The End () is a 2012 Spanish thriller film directed by Jorge Torregrossa and based on David Monteagudo's novel Fin, with a screenplay by Sergio G. Sánchez and Jorge Guerricaechevarría. The film is a MOD Producciones, Apaches Entertainment, Antena 3 Films and Misent Producciones production. It was first screened at the 2012 Toronto International Film Festival in September and later opened in Spain on 23 November of the same year. The film also marks the screen debut of model Andrés Velencoso.

Plot

Felix is invited to a weekend reunion with a group of old friends at a remote mountain cabin. It has been twenty years since the group last met, and although at first it seems that little has changed between them, behind the laughter and stories, secrets emerge from their collective past that create rifts between the friends.

Before leaving for the reunion, Felix is stopped in the subway by a strange man carrying a sheaf of drawings. Only much later does he realise that the man is one of his friends, Ángel, although he does not recognise him at the time. Later, as Felix and his new girlfriend Eva drive to the cabin, Felix describes his friends to Eva (who does not know any of them), although he evades her questions about Ángel.

Eva is introduced to Felix's friends –
Sergio (whose family owns the cabin), Sergio's wife Sara, party boy Rafa, the motherly Maribel, handsome playboy Hugo, and Hugo's new wife Cova (who, like Eva, has never met the other members of the group). As the group reminisces and parties late into the night, tensions begin to surface.

Eva soon learns that Felix had previously had a brief relationship with Maribel. As time passes Sara, who has apparently organised the weekend, becomes increasingly agitated by the absence of the mysterious Ángel (whom the friends refer to as "The Prophet"). Finally she confesses that it was Ángel himself who had instructed her to invite everyone to Sergio's cabin for the reunion, a revelation that greatly disturbs the rest of the group.

Later, while Eva is making mojitos in the kitchen (and just as Felix had warned her), the philandering Hugo makes a pass at Eva; she rejects him, but the encounter is seen by Hugo's wife Cova.

Late that night, sitting around the campfire, an intoxicated Sergio strips naked and throws his clothes into the fire. He taunts Rafa about the failure of his business, then claims that he has spiked the group's food and drink with hallucinogenic mushrooms. The ensuing argument leads to a disturbing revelation – at their last gathering 20 years earlier, several of the friends had forced Ángel to take a large quantity of unknown drugs, which had apparently tipped Ángel into schizophrenia, causing him to become violent and delusional,   and he had to be institutionalised.
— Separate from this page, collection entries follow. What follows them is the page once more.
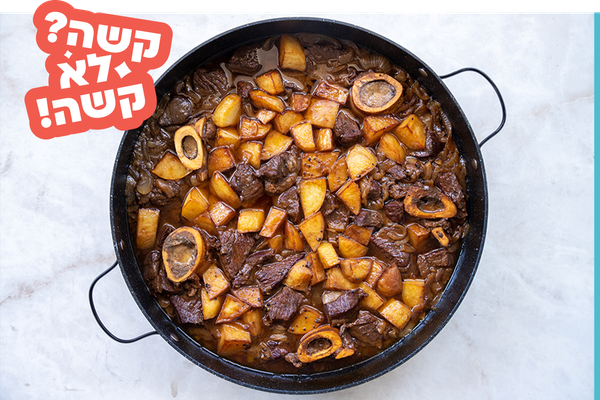 - מוסיפים לסיר את תפוחי האדמה המטוגנים. מכסים, מנמיכים את האש ומבשלים עוד כשעה וחצי על אש קטנה (המינימום הוא 3 וחצי שעות לכל התבשיל, אבל כל המרבה הרי זה משובח, ואם יש לכם זמן - מומלץ "לשכוח" את הסיר על הגז).
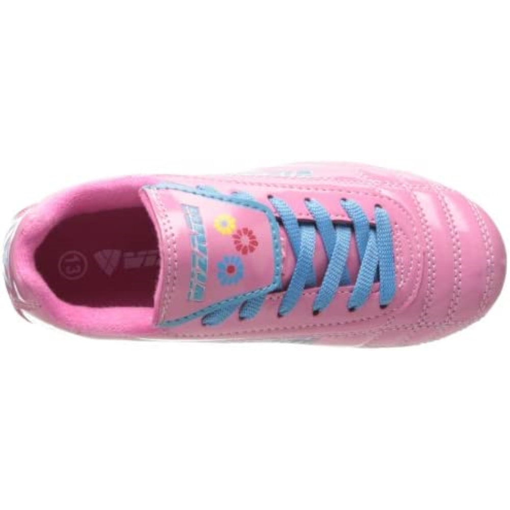 Ans: The upper of the Vizari Blossom Firm Ground Soccer Shoes features unique flower graphics on a durable, synthetic leather material.
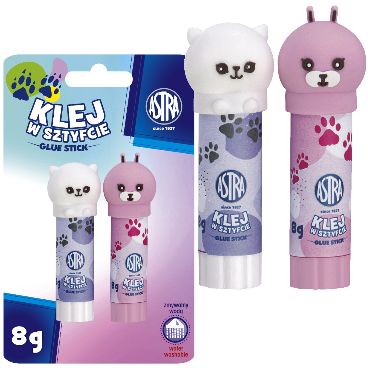- Nakładki korpusów klejów przedstawiają urocze zwierzątka

Moments later the group is startled by an eerie flash that illuminates the entire night sky, accompanied by an ominous rumbling; when it ceases the friends hear the sound of animals and birds crying out in panic. They soon discover that all power and communications are out, all electrical and electronic devices including their cars and phones are totally inoperable, and they have no contact with the outside world and no way to leave except on foot. They also notice that all the clock in the house has stopped at the exact moment of the flash, 12:20am.

The next morning the group decides to walk to the next farm to get help, but they find it totally deserted, with two vultures scavenging food from the dining table, and everything appears as if the occupants have left very suddenly. The friends also notice that the clock here has also stopped at 12:20am.
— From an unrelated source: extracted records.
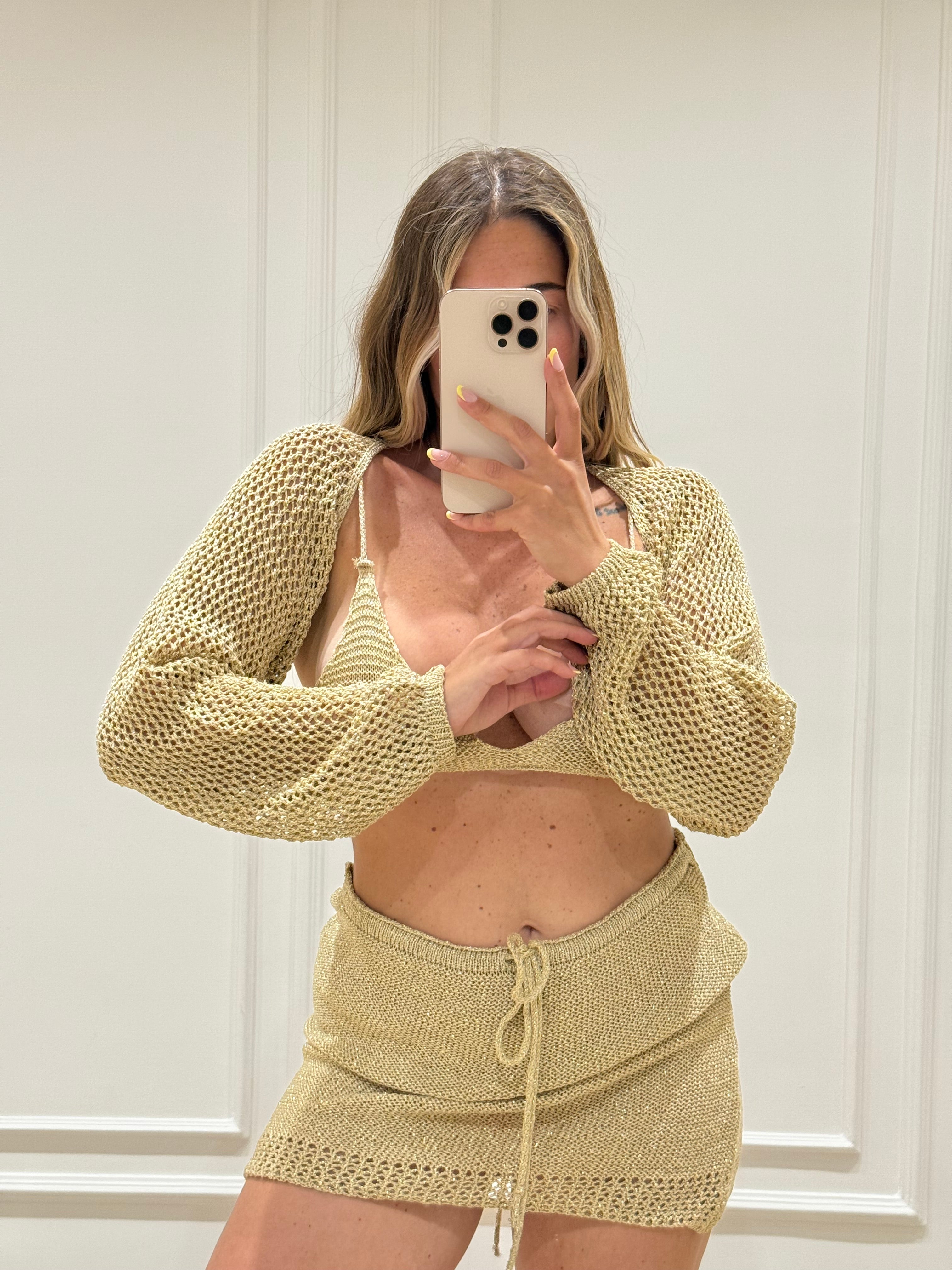 Immergiti nel lusso e nella sofisticatezza con il nostro set Tris Mare Gold, composto da una gonna triangolare e un copri-spalla realizzato ad uncinetto con tessuto Lurex di alta qualità.
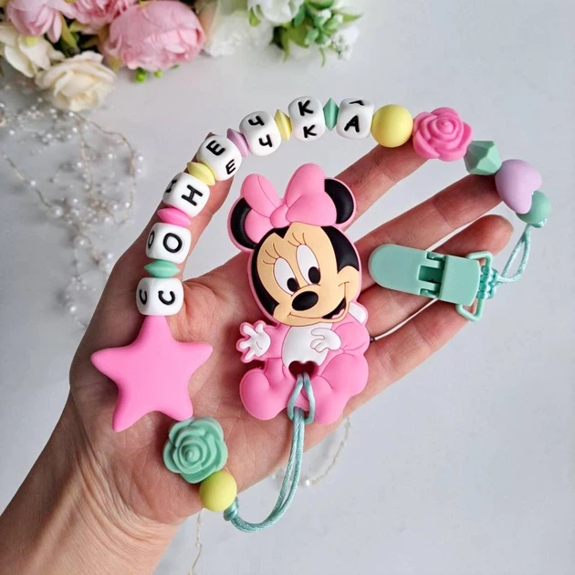 Іменний силіконовий гризунець для дівчинки, прорізувач для зубів, Мінні Маус (рожевий)
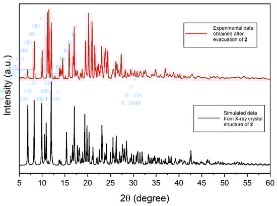 The crystal structure of 2 contains six water molecules in the lattice. These solvent molecules seem to be vulnerable and may be lost from complex 2. Therefore, the complex may lose its crystalline nature. To confirm the crystallinity of 2, as-synthesized complex 2 was heated at 90 °C for 8 h in vacuum. The measured PXRD pattern of 2 in the 2θ range of 5–60° is shown in Figure 7. For comparison, this pattern is contrasted with the simulated PXRD pattern of 2 derived from the X-ray single-crystal structure. Complex 2 maintained a highly crystalline nature with a primary match between the experimental and simulated, as indicated by the powder-XRD patterns of evacuated samples of 2 (Figure 7). Both PXRD patterns were almost similar in the number of peaks, position, and relative intensities. This demonstrates the high rigidity and robustness of the porphyrin-based framework in 2. The structure of the framework remains intact even after the eviction of the solvents.
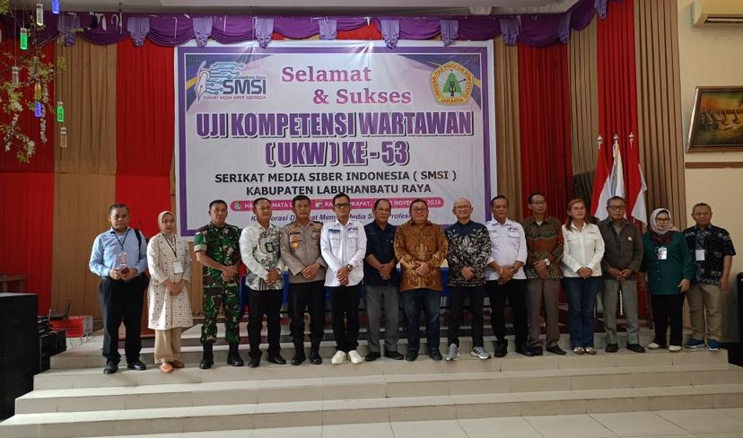 RANTAUPRAPAT II DATAPOST.ID – Uji Kompetensi Wartawan (UKW) Angkatan 53 atas kerja sama Serikat Media Siber Indonesia (SMSI) dan LUKW Universitas Prof Dr Moestopo (UPDM) Jakarta, resmi digelar di Permata Hall, Rantauprapat, Kabupaten Labuhanbatu, Jumat-Sabtu (22-23/11/2024).
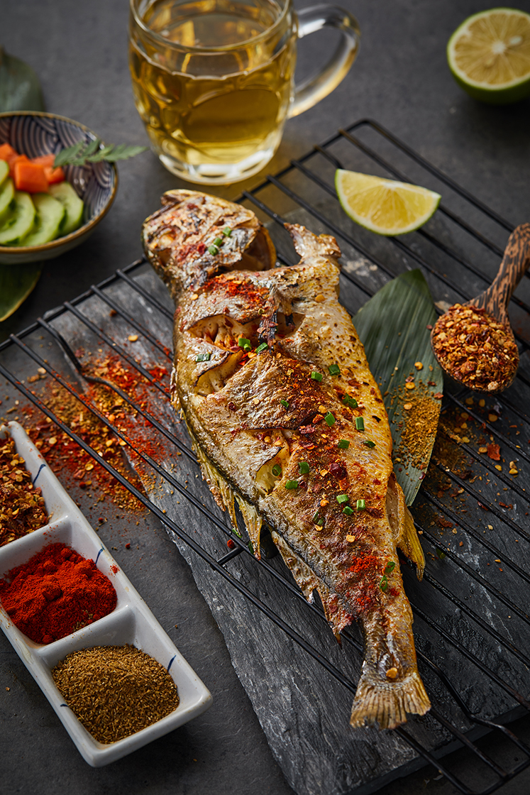 在烤籃注水區中加水,平鋪放入黃花魚,抹油,蓋烘烤蓋。
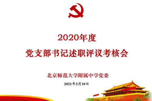 3月10日下午,学校党委召开2020年度党支部书记述职评议考核会。初一党支部书记王颢、初二党支部书记祁继梅、初三党支部书记额尔敦朝鲁、高一党支部书记包秀珍、高二党支部书记郭玮、高三党支部书记邓懿姝、行政党支部书记温雅等七位同志进行了现场述职。学校党委成员和北师大党委第五组组织员魏天经同志出席会议。
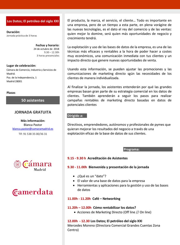 El próximo 24 de octubre podrás conocer un poco más sobre todo esto en una jornada organizada junto a la Cámara de Comercio de Madrid. Será una jornada de desarrollo empresarial que se desarrollará entre las 9:30 y las 12:30 en Plaza de la Independencia 1 28001 (Madrid).
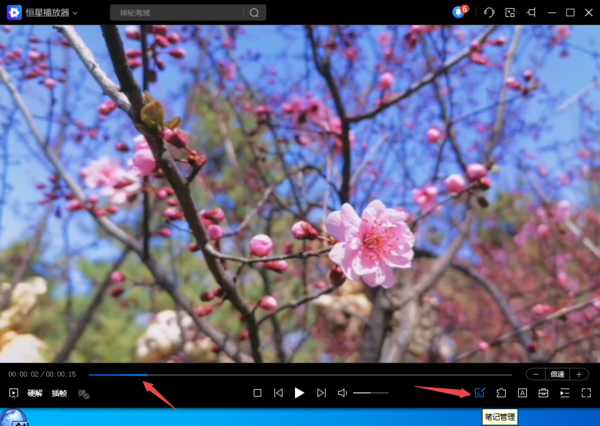 2、然后,在视频播放的进度条上,点击到想要添加笔记的位置上,接着再点击软件界面右下角的【笔记管理】图标。

As they move on further, they come across a hikers' campsite, but it too is totally deserted, and they are puzzled by why the hikers would leave all their expensive hiking gear behind. They gradually realise that the phenomena caused by the previous night's event seem to be in effect everywhere, and that all the people they might have expected to encounter have apparently vanished, as if into thin air.

The group begins to realize that some invisible power or force is abroad, that it is apparently making people disappear, and that this apparently affects only humans, since the group repeatedly observe animals, although these act in an increasingly strange and sometimes aggressive manner.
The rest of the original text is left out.